The final BMW Art Car is totally unique, reflecting the art form of the artist, this time a multimedia of projected light and software creating a light show of augmented reality. Viewing the car fully requires an app. It was also successful in international motorsports competition.

18 | Cao Fei
2017 BMW M6 GT3

Cao Fei | China
Born in 1978 in Guangzhou, Cao Fei is one of the most innovative young Chinese artists to have emerged onto the international scene. Currently living in Beijing, she mixes social commentary, popular aesthetics, references to Surrealism, and documentary conventions in her films and installations. Her works reflect on the rapid and chaotic changes that are occurring in Chinese society today. She exhibited her works and projects in Serpentine Gallery, Tate Modern (London); New Museum, Guggenheim Museum, MoMA (New York); Palais de Tokyo and Centre Pompidou (Paris). Cao Fei’s recent projects in 2016 include her first retrospective at MoMA PS1. Furthermore, Cao Fei received the Chinese Contemporary Art Award (CCAA) Best Young Artist Award in 2006 and Best Artist Award in 2016; Piedra de Sal Award at Cuenca Biennale in 2016.

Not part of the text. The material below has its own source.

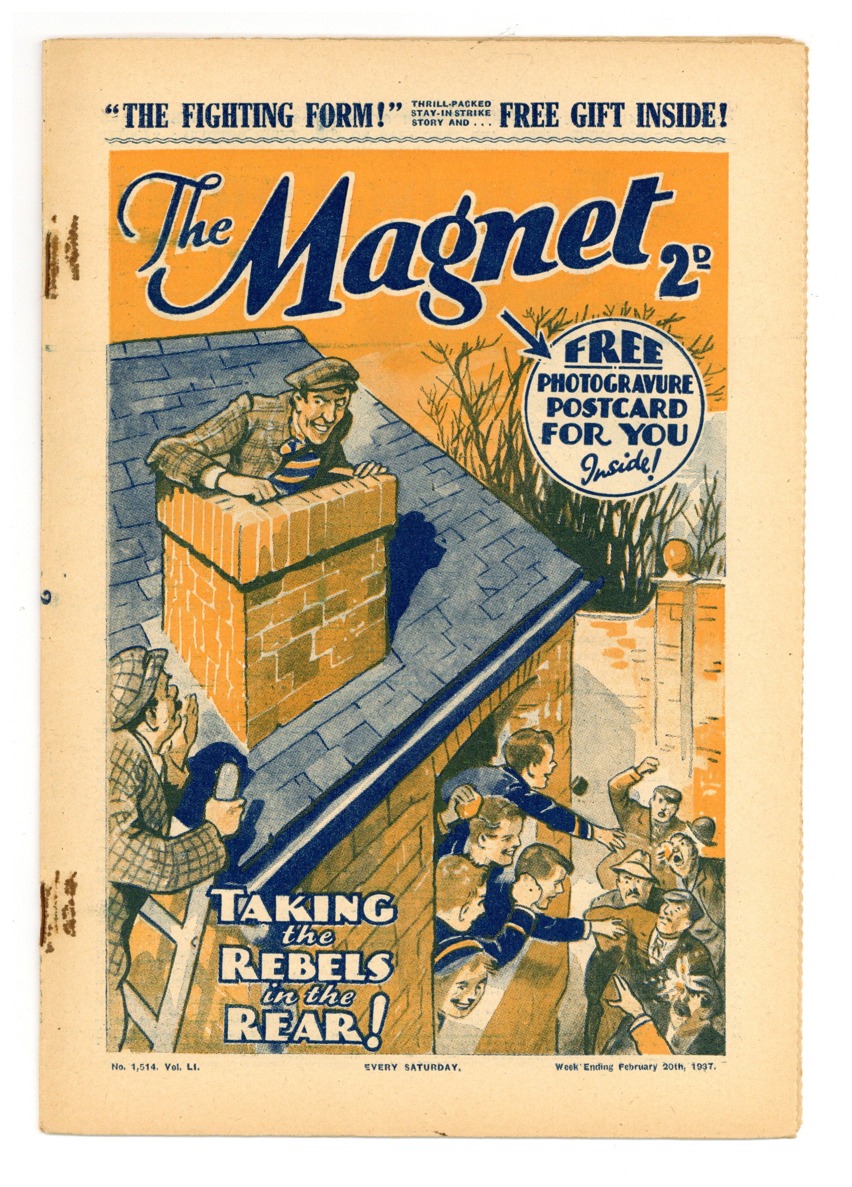 No. 1514 - February 20, 1937. Weekly British publication that ran for nearly 1,700 issues. Featured the anti-hero Billy Bunter of the Greyfriars School, along with serialized shorts. NOTE: This publication contains negative racial and cultural depictions. It reflects some attitudes of the era in which it was published that would not be acceptable today. 7.5" x 11", 28 pages, B&W.

BMW Art Cars have appeared both individually and collectively at art and automotive events internationally. All nineteen are permanently displayed at the BMW Museum at corporate headquarters in Munich. Does the future hold more BMW Art Cars? The world has become accustomed to these visual treats and can only speculate of what BMW would be the next inspiration for art.

Steve Ham

March 2021

Steve Ham built his first model in car in 1954 and has driven BMWs since 1971.